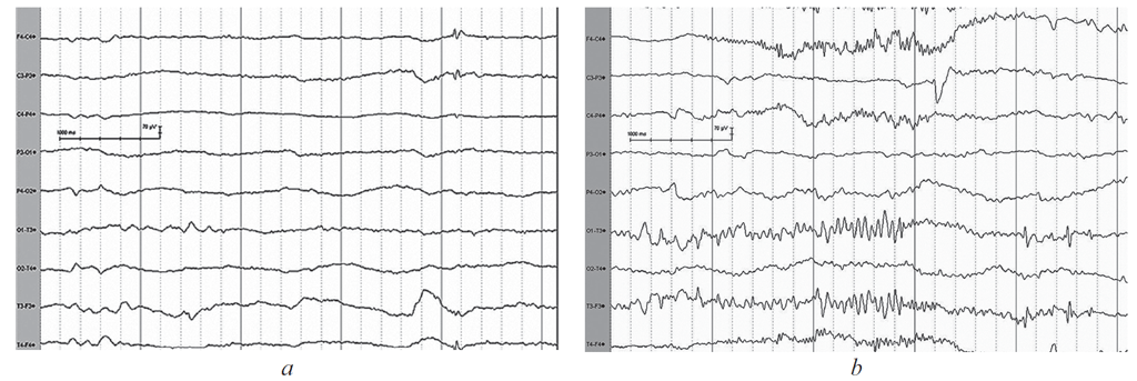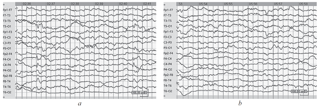 Рис. 4. Электроэнцефалограмма пациентки 3. а — региональная эпилептиформная активность в правой лобно-центро-височной области; b — фоновый паттерн
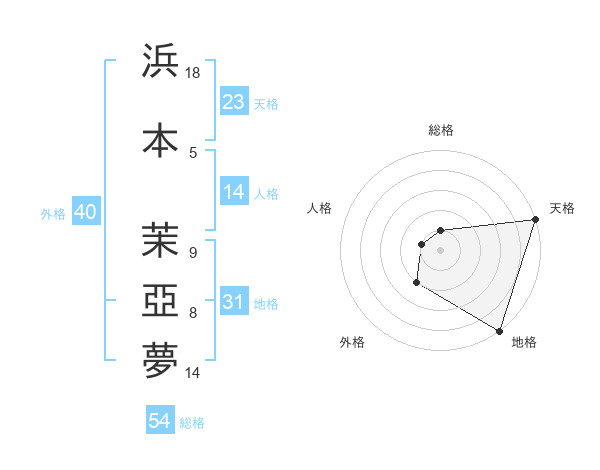 浜本 茉亞夢さんを姓名の画数から五運を鑑定
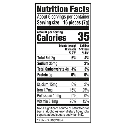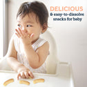 • Meltable texture and ideal size help toddlers chew and swallow easily and practice picking up items
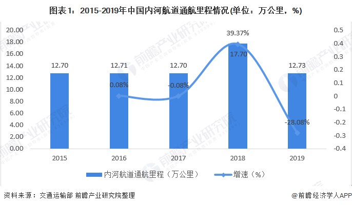 2015-2019年我国内河航道通航里程总体波动较小,2018年通航里程达到近5年最高值,2019年我国内河航道通航里程为12.73万公里,同比下降28.08%,较2018年大幅回落。
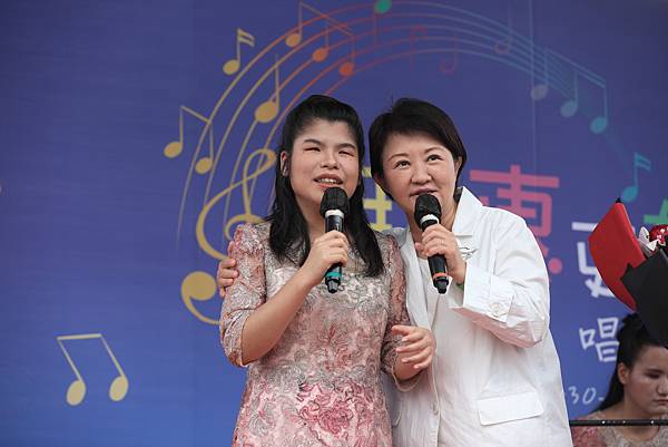 今(3)日是國際身心障礙者日,新東陽股份有限公司在清水服務區,舉辦一場溫馨的演唱會,為視多障女孩許舒閔舉辦演場會圓夢。市長盧秀燕特別到場獻花為舒閔喝采,含淚聆聽她美好動人的歌聲。盧市長說,舒閔雖是視多障女孩,可是她勇敢、不放棄、努力的精神,反而帶給社會光明,期盼舒閔繼續演唱,與更多人分享她的歌曲故事。
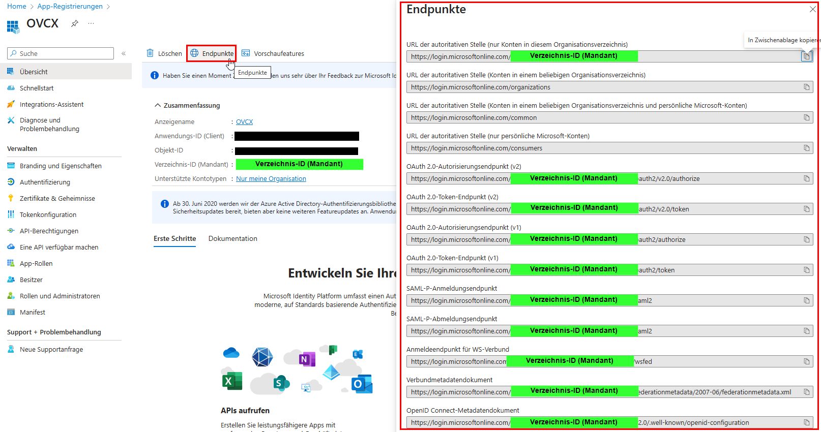 Dies ist wichtig, damit bei den Endpunkten die richtige Verzeichnis-ID (Mandant) hinterlegt ist.
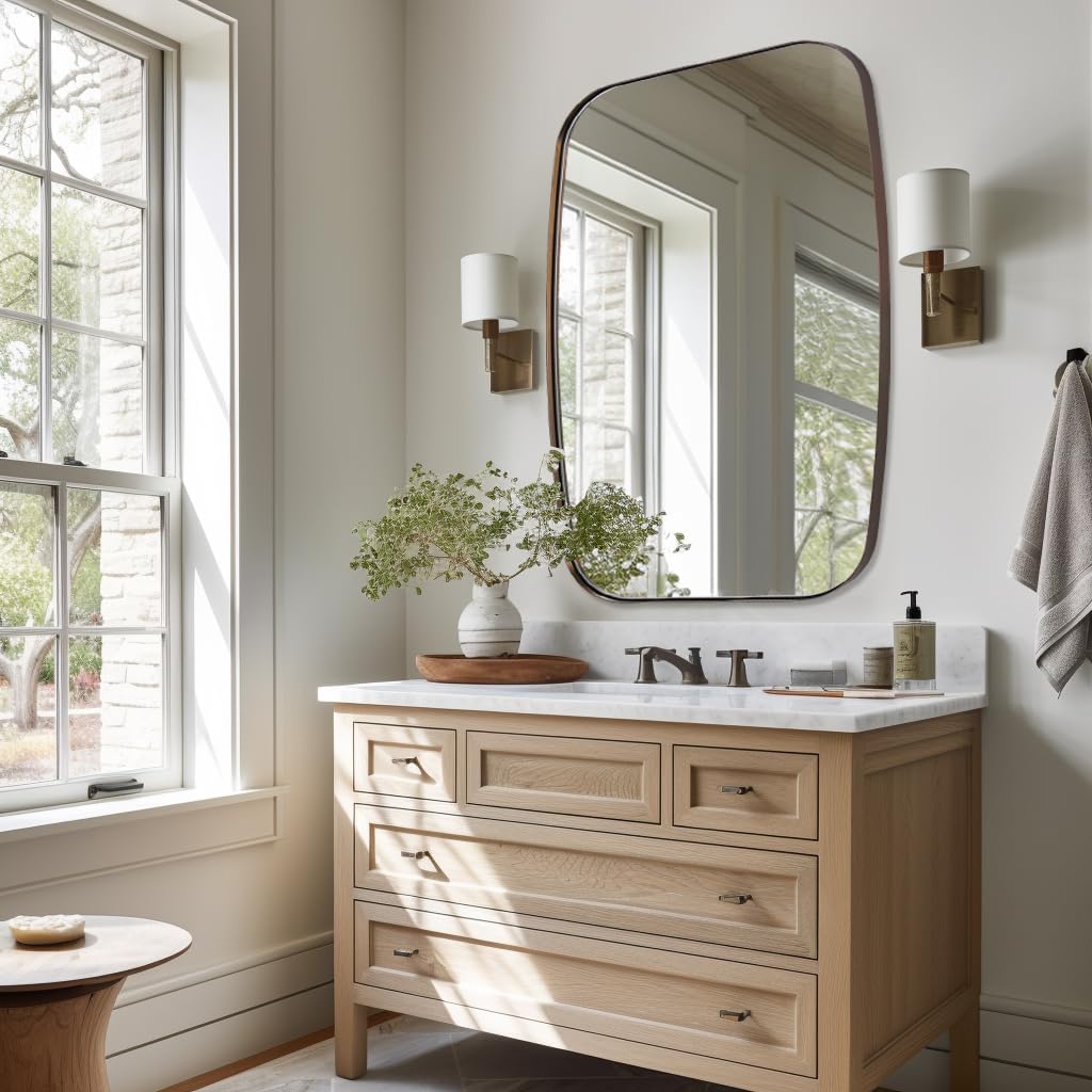 - True Reflection: This vanity bathroom mirror features a 4mm HD glass surface, delivering flawless, distortion-free reflections. Its scratch-resistant and shatterproof design ensures durability, while the easy-to-clean surface maintains a perfect shine with minimal effort
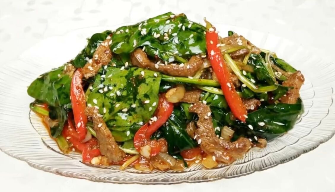 Салат из шпината с мясом по-корейски. Простой, пошаговый рецепт с фото
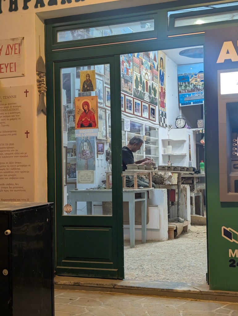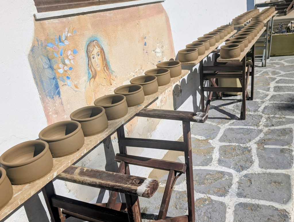 Because of its refractory clay deposits on the island and mild climate, Sifnos is unique in its history of pottery. As mentioned earlier, clay pots and lanterns adorn many of the buildings around the island; additionally, the clay pots are part of the culinary heritage of the island. Two of their signature dishes: mastelo (lamb or goat with dill and red wine) and revitha (chickpea soup) utilize the clay pots as cooking vessels. Both of these dishes were some of the best food I had during my travels.
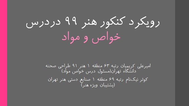 امیرعلی کریمیان رتبه63 منطقه 1 هنر طراحی صحنهدانشگاه تهران _ مسئول درس خواص مواد و مدرس درس خواص مواد
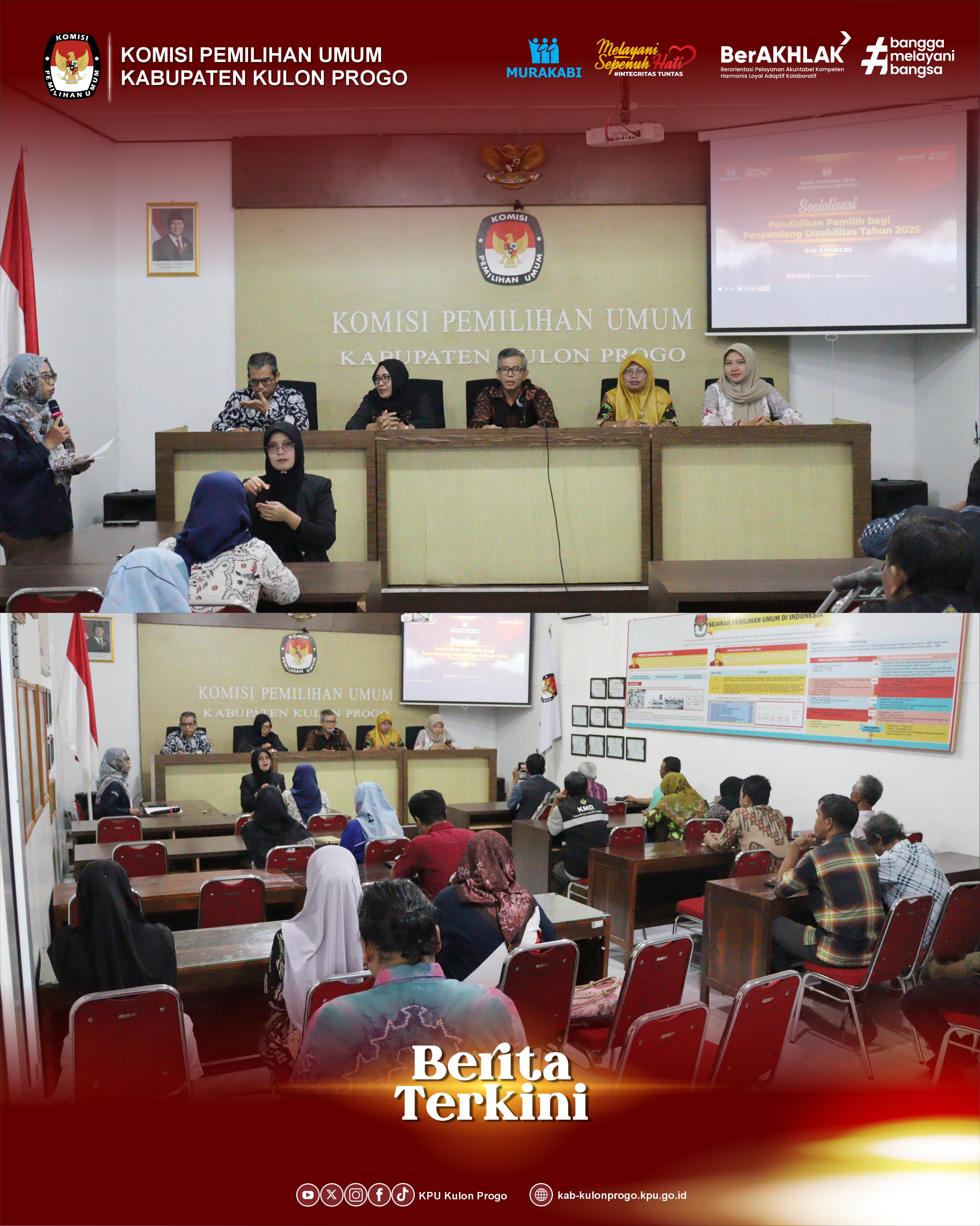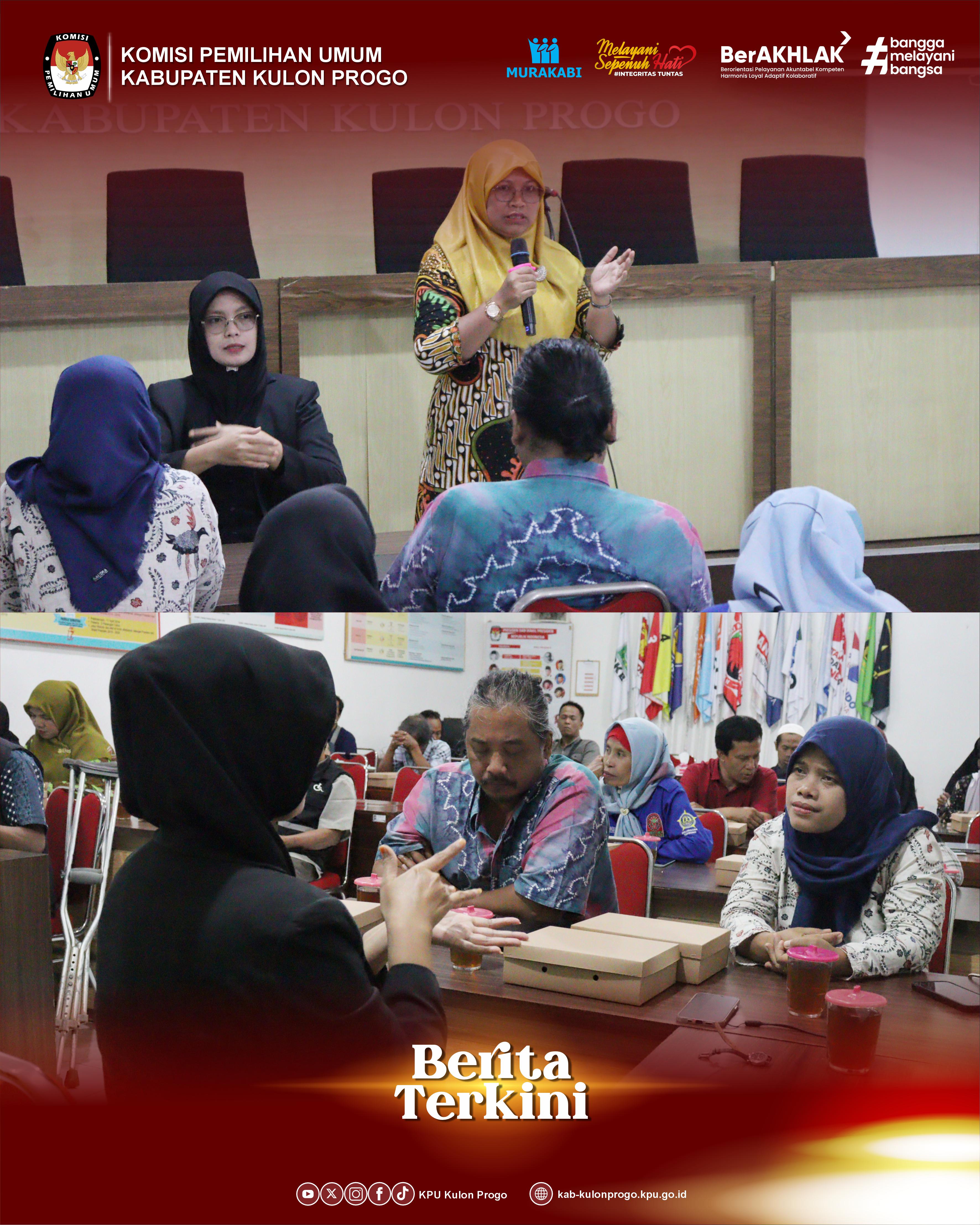 Wates, 25 November 2025 — Komisi Pemilihan Umum Kabupaten Kulon Progo menyelenggarakan sosialisasi pendidikan pemilih bagi penyandang disabilitas di Rumah Pintar Pemilu. Kegiatan ini menjadi bagian dari kewajiban KPU pada masa non-tahapan, khususnya terkait pemutakhiran data pemilih serta perluasan pendidikan pemilih yang inklusif.

• • • • •

● **Description of the task**: An exact copy is needed. It runs from the line above containing "2015-2019年我国内河" down to the line containing "Dies ist wichtig, damit", both included, with no pictures.

● **Answer area**:
 2015-2019年我国内河航道通航里程总体波动较小,2018年通航里程达到近5年最高值,2019年我国内河航道通航里程为12.73万公里,同比下降28.08%,较2018年大幅回落。
 今(3)日是國際身心障礙者日,新東陽股份有限公司在清水服務區,舉辦一場溫馨的演唱會,為視多障女孩許舒閔舉辦演場會圓夢。市長盧秀燕特別到場獻花為舒閔喝采,含淚聆聽她美好動人的歌聲。盧市長說,舒閔雖是視多障女孩,可是她勇敢、不放棄、努力的精神,反而帶給社會光明,期盼舒閔繼續演唱,與更多人分享她的歌曲故事。
 Dies ist wichtig, damit bei den Endpunkten die richtige Verzeichnis-ID (Mandant) hinterlegt ist.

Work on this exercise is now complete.